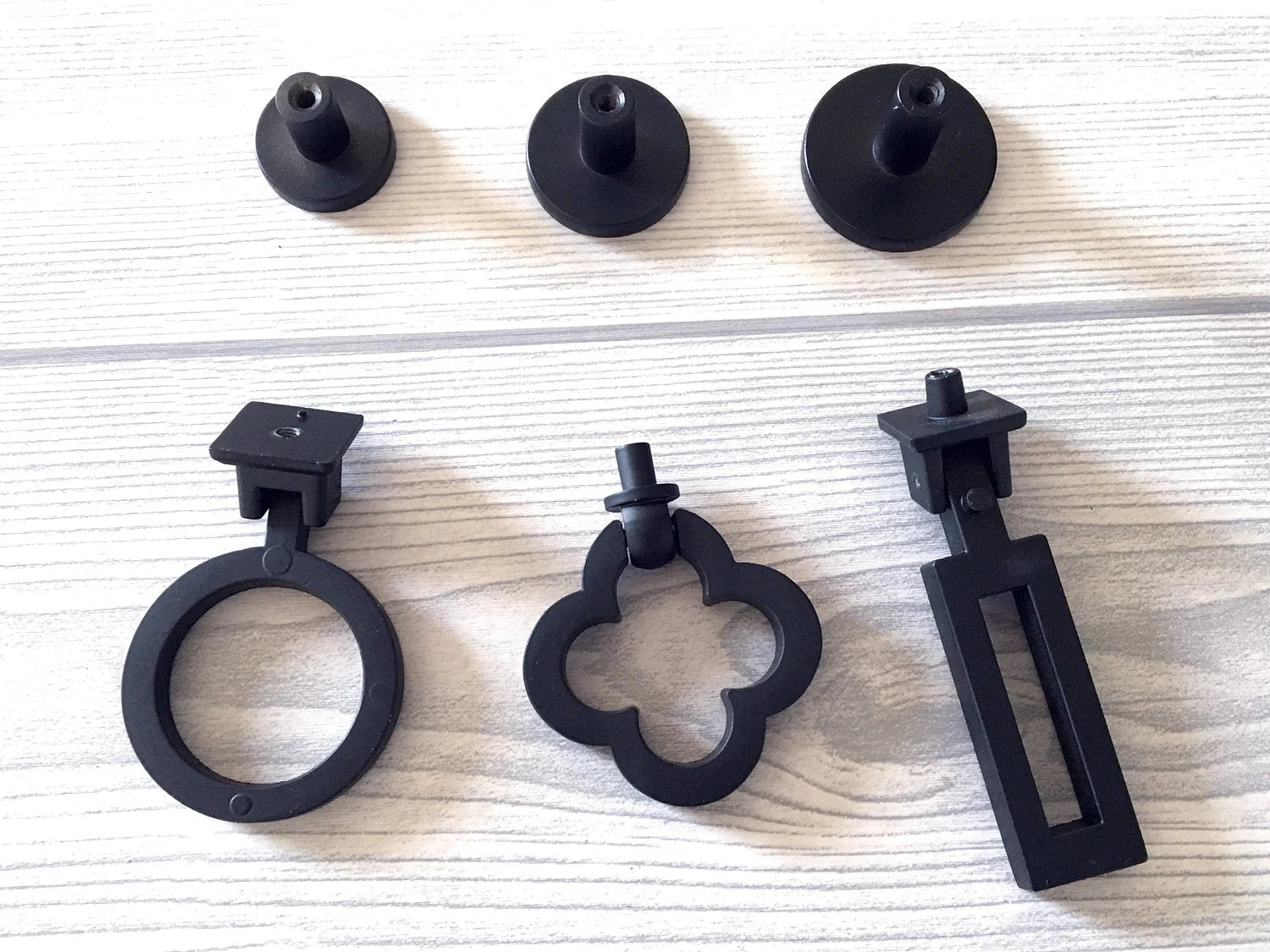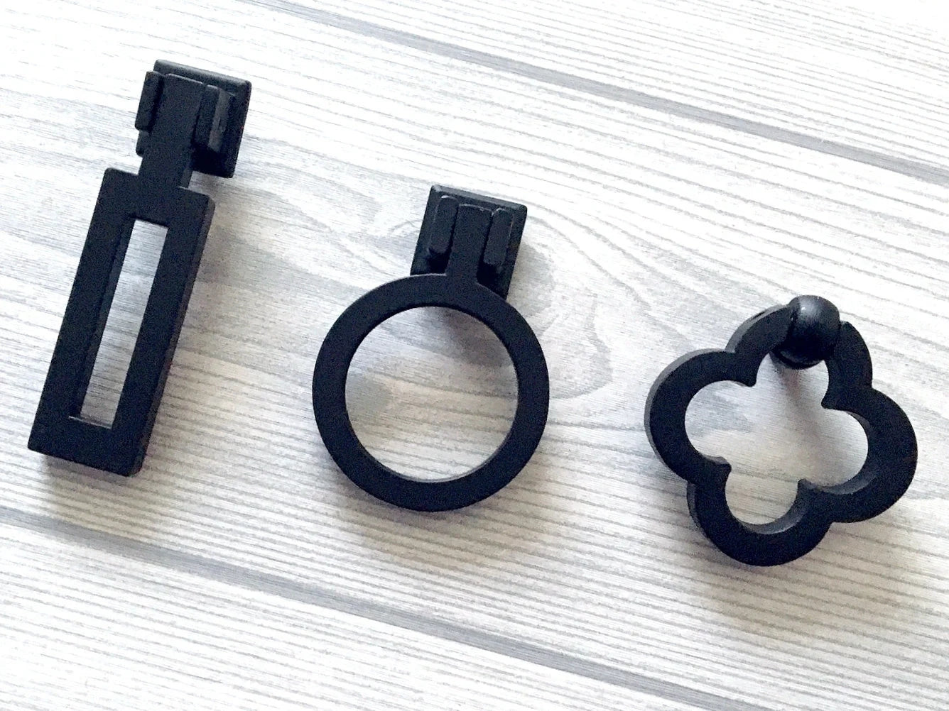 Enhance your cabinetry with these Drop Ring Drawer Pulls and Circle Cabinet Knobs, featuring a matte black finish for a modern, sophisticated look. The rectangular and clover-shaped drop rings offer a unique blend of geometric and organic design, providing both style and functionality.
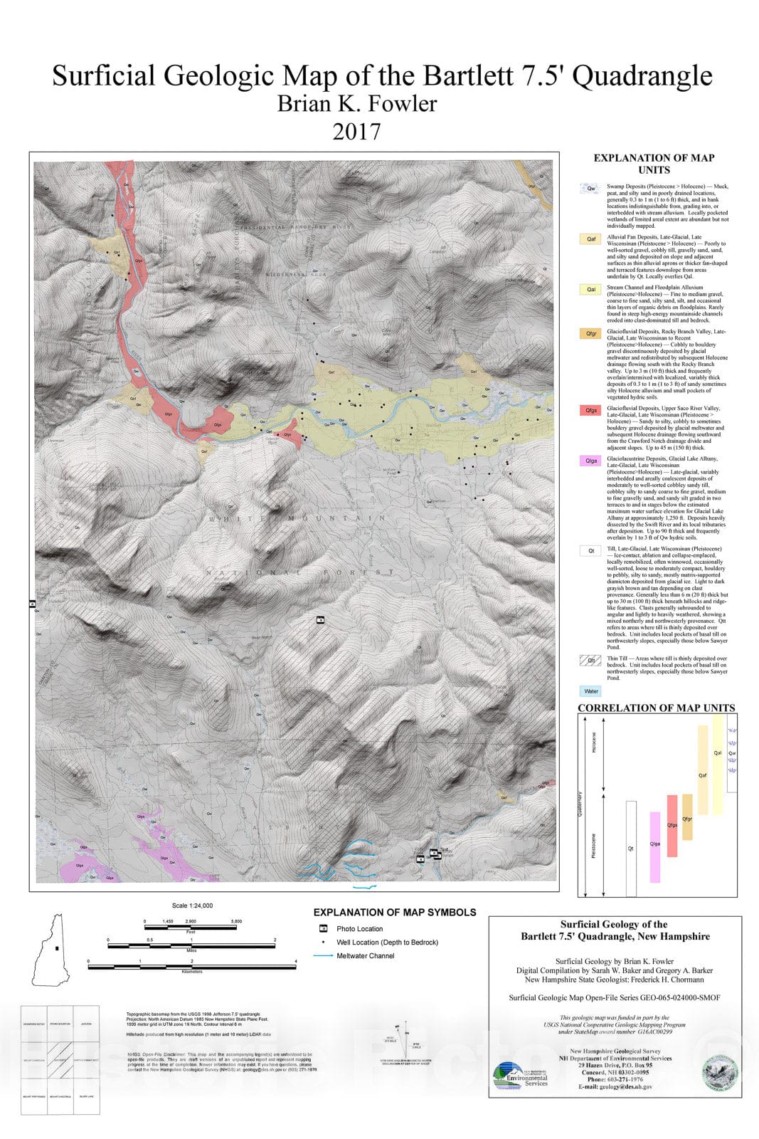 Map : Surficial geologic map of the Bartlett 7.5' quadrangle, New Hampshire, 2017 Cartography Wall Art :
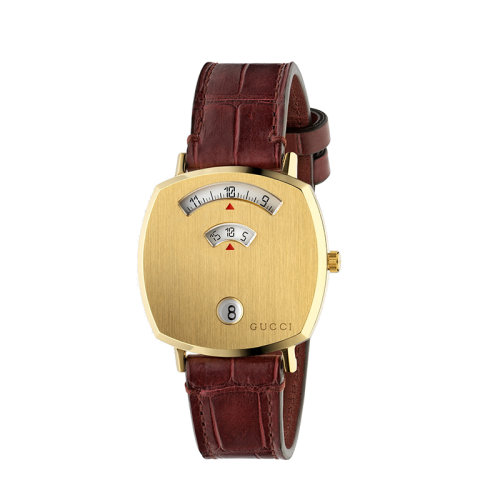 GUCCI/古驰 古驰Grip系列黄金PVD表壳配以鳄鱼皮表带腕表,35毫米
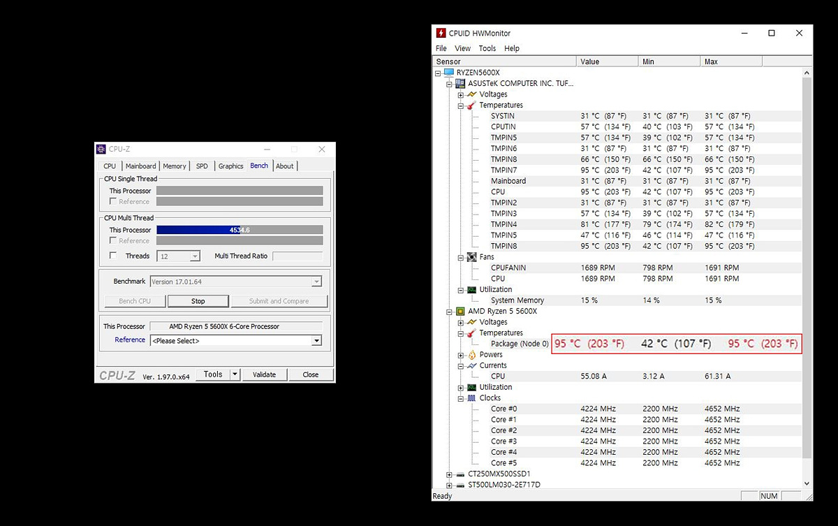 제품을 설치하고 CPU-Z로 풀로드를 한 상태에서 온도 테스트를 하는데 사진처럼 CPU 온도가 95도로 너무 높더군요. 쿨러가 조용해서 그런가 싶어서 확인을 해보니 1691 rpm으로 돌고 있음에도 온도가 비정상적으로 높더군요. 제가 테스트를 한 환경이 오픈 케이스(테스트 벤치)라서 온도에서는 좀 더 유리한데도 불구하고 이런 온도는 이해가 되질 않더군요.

INSTRUCTIONS FOR THE TASK — With the pictures removed, output the listing above exactly.

TASK SOLUTION —
 Enhance your cabinetry with these Drop Ring Drawer Pulls and Circle Cabinet Knobs, featuring a matte black finish for a modern, sophisticated look. The rectangular and clover-shaped drop rings offer a unique blend of geometric and organic design, providing both style and functionality.
 Map : Surficial geologic map of the Bartlett 7.5' quadrangle, New Hampshire, 2017 Cartography Wall Art :
 GUCCI/古驰 古驰Grip系列黄金PVD表壳配以鳄鱼皮表带腕表,35毫米
 제품을 설치하고 CPU-Z로 풀로드를 한 상태에서 온도 테스트를 하는데 사진처럼 CPU 온도가 95도로 너무 높더군요. 쿨러가 조용해서 그런가 싶어서 확인을 해보니 1691 rpm으로 돌고 있음에도 온도가 비정상적으로 높더군요. 제가 테스트를 한 환경이 오픈 케이스(테스트 벤치)라서 온도에서는 좀 더 유리한데도 불구하고 이런 온도는 이해가 되질 않더군요.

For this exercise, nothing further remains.